Prepare 30 mL per heart. Keep at RT

Myocyte wash buffer 1

Reagent	Final concentration	Amount
ACMBICT/FCS	n/a	9 mL
Modified MEM	0.18 mM Ca2+	1 mL
Total	n/a	10 mL

Prepare 10 mL per heart and store at RT until use.

Myocyte wash buffer 2

Reagent	Final concentration	Amount
ACMBICT/FCS	n/a	6 mL
Modified MEM	0.45 mM Ca2+	2 mL
Total	n/a	8 mL

Prepare 8 mL per heart and store at RT until use.

Myocyte wash buffer 3

Reagent	Final concentration	Amount
ACMBICT/FCS	n/a	4 mL
Modified MEM	1.08 mM Ca2+	6 mL
Total	n/a	10 mL

Prepare 10 mL per heart and store at RT until use.

Plating media

Reagent	Final concentration	Amount
FCS	10%	2 mL
BDM	1 mg/mL	20 mg
Penicillin/streptomycin	1 ×	200 μL
MEM	n/a	17.8 mL
Total	n/a	20 mL

Prepare 20 mL per heart.
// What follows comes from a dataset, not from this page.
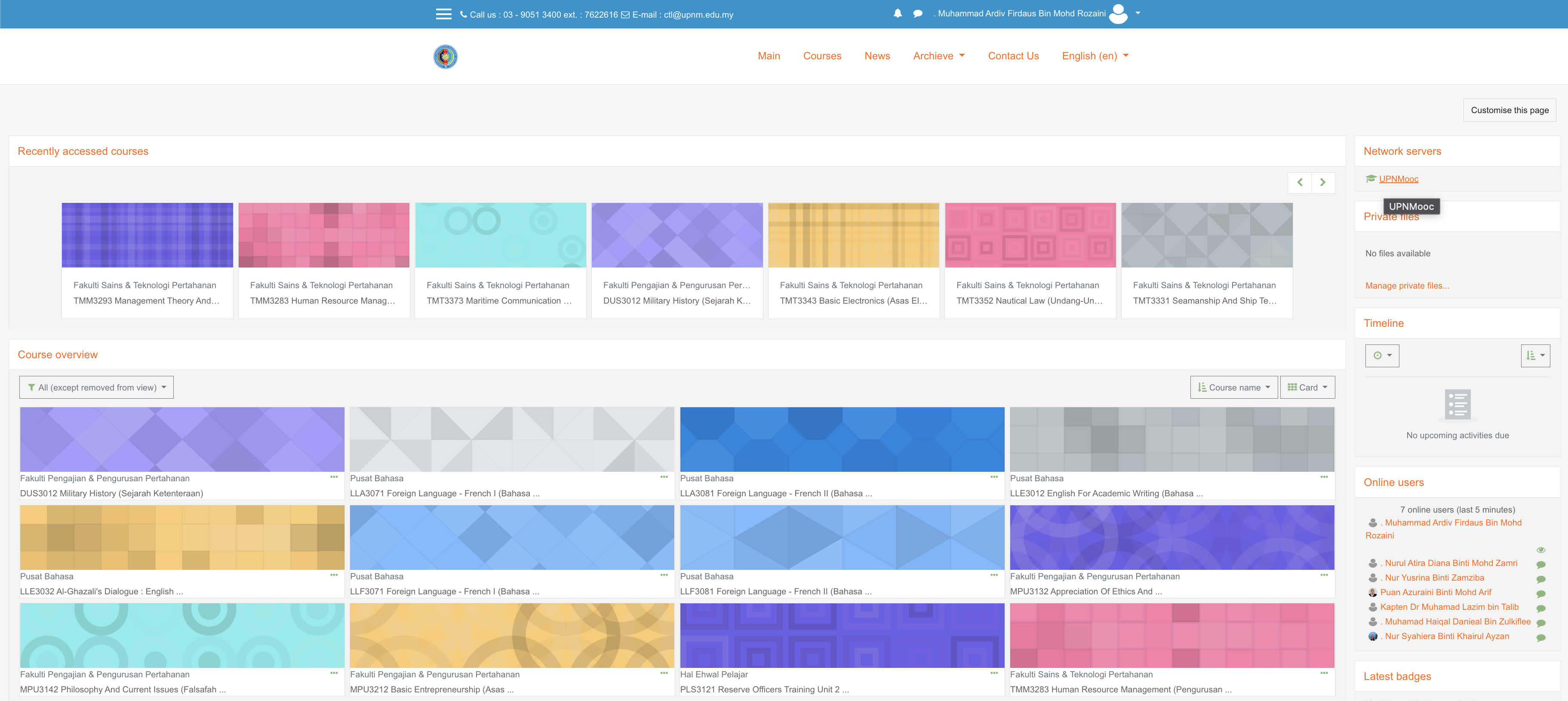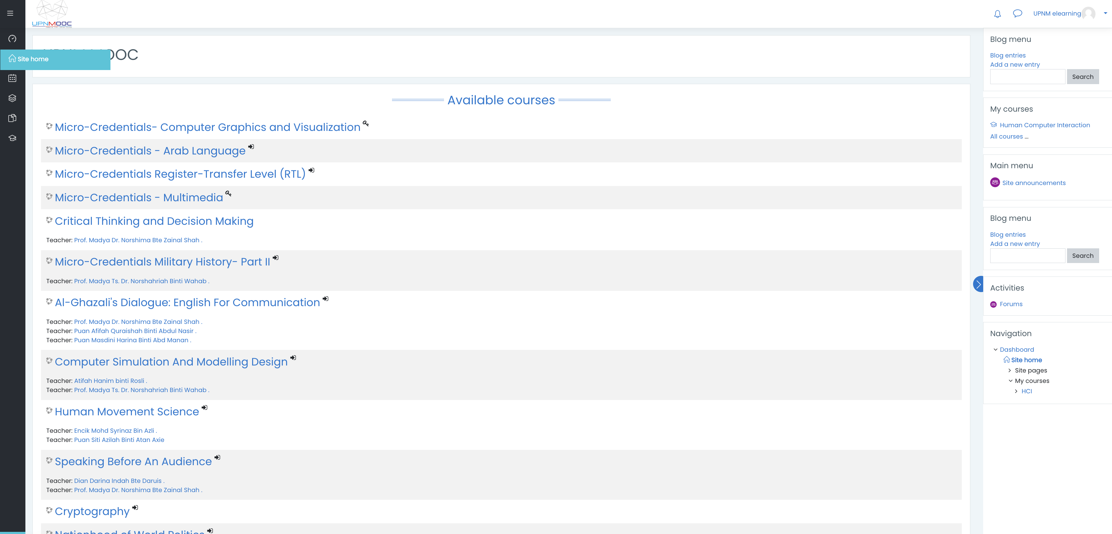 - Kemudian, klik menu Site home untuk mengakses senarai MOOC dan MC UPNM.

Incubate at 37°C, 5% CO2 with loosened cap until use.

Maintenance media

Reagent	Final concentration	Amount
BSA	0.5%	100 mg
ITS-A	1 ×	200 μL
CD lipid concentrate	1 ×	200 μL
Penicillin/streptomycin	1 ×	200 μL
MEM	n/a	19.4 mL
Total	n/a	20 mL

Prepare 20 mL per heart and filter sterilize. Incubate at 37°C, 5% CO2 with loosened cap until use.